Simultaneously, a portion was purified by a semipreparative HPLC (Fig. S24, ESI) to yield 2 (Rt = 17.5 min) and 3 (Rt = 19.8 min), and they are both racemic mixtures (Fig. S26 and S27, ESI). Compounds 2 and 3 possess the same planar structure by analysis of their HRESIMS, 1D and 2D NMR data. Furthermore, a detailed interpretation of their 1D and 2D data (1–3), the only difference is that the existence of a five-membered lactone in 2 or 3, which was confirmed by the HMBC correlations of H-7/C-8 (δC 151.1), C-9 (δC 133.2), C-10 (δC 176.6), and H-8/C-7 (δC 79.9), C-9, C-10 (Fig. 5). The relative configuration of 2 was assigned by a ROESY spectrum which shows correlations of H-12′, H-13′/Hb-12, suggesting the relative configurations at C-13, C-12′, and C-13′. Likewise, the correlations of H-14′/Hb-8′, H-15′/Ha-8′, and 15′-OMe/H-12′, H-13′ (Fig. 3) reveal the relative configurations at C-9′, C-14′, and C-15′. As for the stereochemistry at C-7, it makes sense only to determine its absolute configuration.


image file: c7ra04862a-f5.tif
Fig. 5 Key 1H–1H COSY and HMBC correlations of 2 or 3.

Careful analysis of ROESY data of 3 reveals that compounds 3 and 2 bear the same relative configuration at C-13, C-9′, C-12′, C-13′, C-14′, and C-15′. Likewise, the assignment of stereochemistry at C-7 of 3 is challengeable. To clarify the absolute configuration at C-7, racemic 2 or 3 was submitted to chiral-phase HPLC to afford their respective enantiomers. By comparing the experimental spectra of 2 and 3, it was fortunately found that their experimental CD spectra have obvious difference at 197 nm and 207 nm [Δε197 −16.50, Δε207 +3.91 for (+)-2, no cotton effective for (+)-3], which makes it possible to use computational methods to solve the configuration at C-7. An effort of computation found that the calculated weighted ECD spectra of (7S,13R,9′R,12′R,13′S,14′S,15′S)-2 agree well with that of (+)-2 (Fig. 6 and 7). Hence, the absolute configurations of (+)-2 and (−)-2 were unambiguously assigned. In the same manner as that of 2, the absolute configurations of (+)-3 and (−)-3 were respectively assigned as 7R,13R,9′R,12′R,13′S,14′S,15′S and 7S,13S,9′S,12′S,13′R,14′R,15′R (Fig. 6 and 7). Obviously, (+)-3 is a 7-epimer of (+)-2.

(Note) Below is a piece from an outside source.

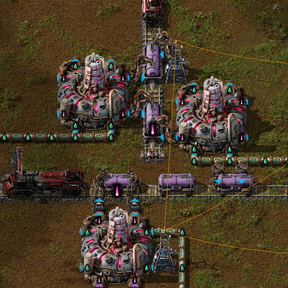 Your train speeds past you, dragging countless cargo and fluid wagons through the hostile landscape. At the very end of it, you spot a tiny pink wagon. Your fusion plasma has arrived.
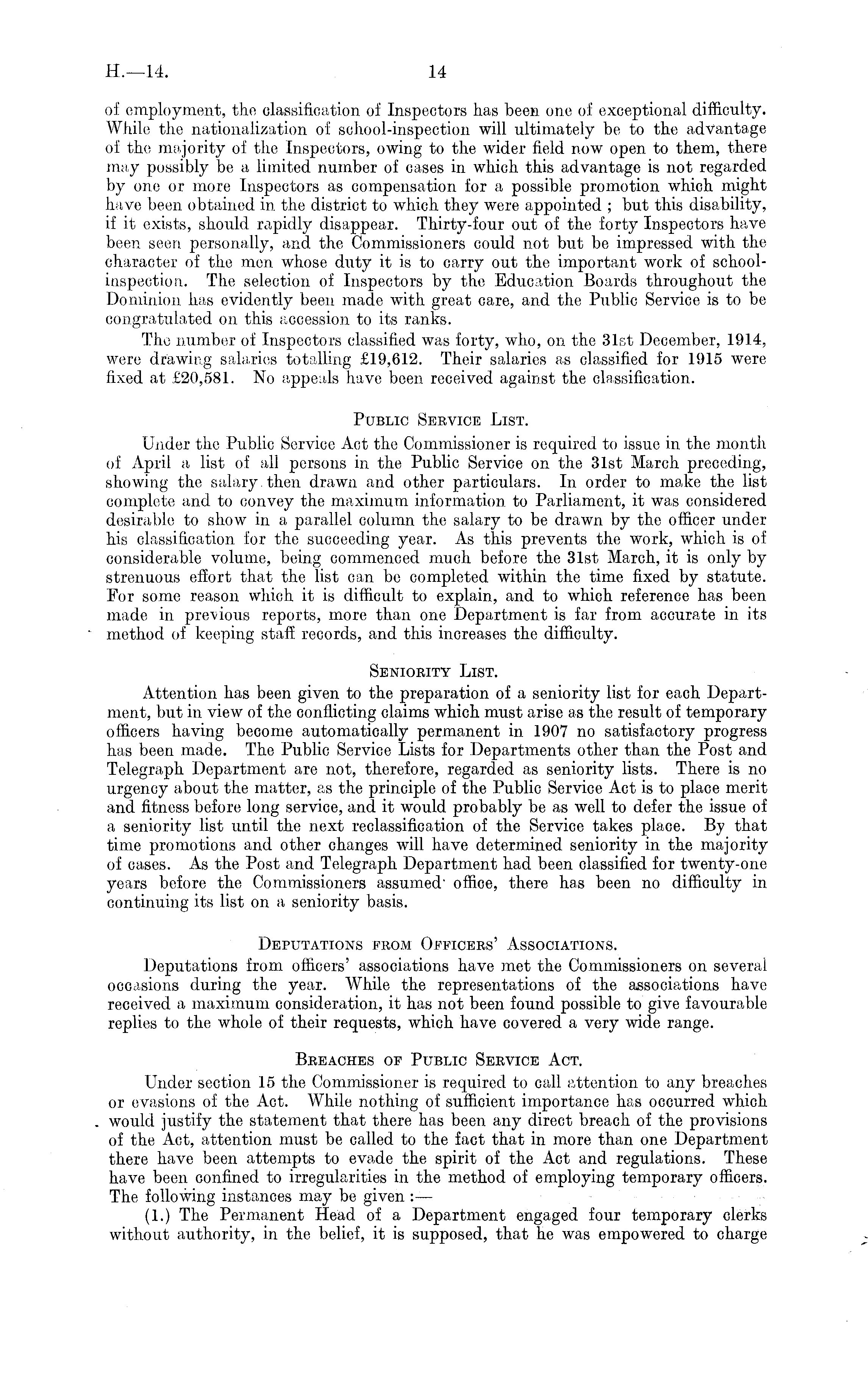 of employment, the classification of Inspectors has been one of exceptional difficulty. While the nationalization of school-inspection will ultimately be to the advantage of the majority of the Inspectors, owing to the wider field now open to them, there may possibly be a limited number of cases in which this advantage is not regarded by one or more Inspectors as compensation for a possible promotion which might have been obtained in the district to which they were appointed ; but this disability, if it exists, should rapidly disappear. Thirty-four out of the forty Inspectors have been seen personally, and the Commissioners could not but be impressed with the character of the men whose duty it is to carry out the important work of schoolinspection. The selection of Inspectors by the Education Boards throughout the Dominion has evidently been made with great care, and the Public Service is to be congratulated on this accession to its ranks. The number of Inspectors classified was forty, who, on the 31st December, 1914, were drawing salaries totalling £19,612. Their salaries as classified for 1915 were fixed at £20,581. No appeals have been received against the classification. Public Service List. Under the Public Service Act the Commissioner is required to issue in the month of April a list of all persons in the Public Service on the 31st March preceding, showing the salary.then drawn and other particulars. In order to make the list complete and to convey the maximum information to Parliament, it was considered desirable to show in a parallel column the salary to be drawn by the officer under his classification for the succeeding year. As this prevents the work, which is of considerable volume, being commenced much before the 31st March, it is only by strenuous effort that the list can be completed within the time fixed by statute. For some reason which it is difficult to explain, and to which reference has been made in previous reports, more than one Department is far from accurate in its method of keeping staff records, and this increases the difficulty. Seniority List. Attention has been given to the preparation of a seniority list for each Department, but in view of the conflicting claims which must arise as the result of temporary officers having become automatically permanent in 1907 no satisfactory progress has been made. The Public Service Lists for Departments other than the Post and Telegraph Department are not, therefore, regarded as seniority lists. There is no urgency about the matter, as the principle of the Public Service Act is to place merit and fitness before long service, and it would probably be as well to defer the issue of a seniority list until the next reclassification of the Service takes place. By that time promotions and other changes will have determined seniority in the majority of cases. As the Post and Telegraph Department had been classified for twenty-one years before the Commissioners assumed' office, there has been no difficulty in continuing its list on a seniority basis. Deputations from Officers' Associations. Deputations from officers' associations have met the Commissioners on several occasions during the year. While the representations of the associations have received a maximum consideration, it has not been found possible to give favourable replies to the whole of their requests, which have covered a very wide range. Breaches of Public Service Act. Under section 15 the Commissioner is required to call attention to any breaches or evasions of the Act. While nothing of sufficient importance has occurred which would justify the statement that there has been any direct breach of the provisions of the Act, attention must be called to the fact that in more than one Department there have been attempts to evade the spirit of the Act and regulations. These have been confined to irregularities in the method of employing temporary officers. The following instances may be given :— (1.) The Permanent Head of a Department engaged four temporary clerks without authority, in the belief, it is supposed, that he was empowered to charge

image file: c7ra04862a-f6.tif
Fig. 6 The calculated ECD spectra and experimental spectra of (+)-2 and (+)-3 at the B3LYP/6-311G(d,p) level in MeOH, σ = 0.3 eV.

image file: c7ra04862a-f7.tif
Fig. 7 The experimental spectra of (+)-2, (−)-2, and (+)-3, (−)-3 in MeOH.

Compounds 1–3 are novel meroterpenoid dimers. The formation of rings A–C leads to the presence of six continuous chiral centers in the structure, providing great challenge for synthetic chemistry. To aid total synthesis of this class of meroterpenoids, a plausible biosynthetic pathway was proposed. Compounds 1–3 are derived from the hybridization of shikimic acid pathway and mevalonic acid pathway18 (Scheme 1). First, two key intermediates A and B could be synthesized from 4-hydroxybenzonic acid (4HB)18 and isoprenyl moieties under geranyltransferase19 and VibMO1 (a monooxygenase).20 The intermediate A is further oxidized to give B. The monomer B could be cyclized via nucleophilic addition to generate C and F. In addition, the monomer E is formed by oxidation reaction and decarboxylization of C. Hence, 2 and 3 are further formed by a Diels–Alder reaction between E and F. Finally, the monomer G is formed by oxidation reaction and 1,3-hydrogen migration of B, and the ring A in 1 is formed via a Diels–Alder reaction between E and G.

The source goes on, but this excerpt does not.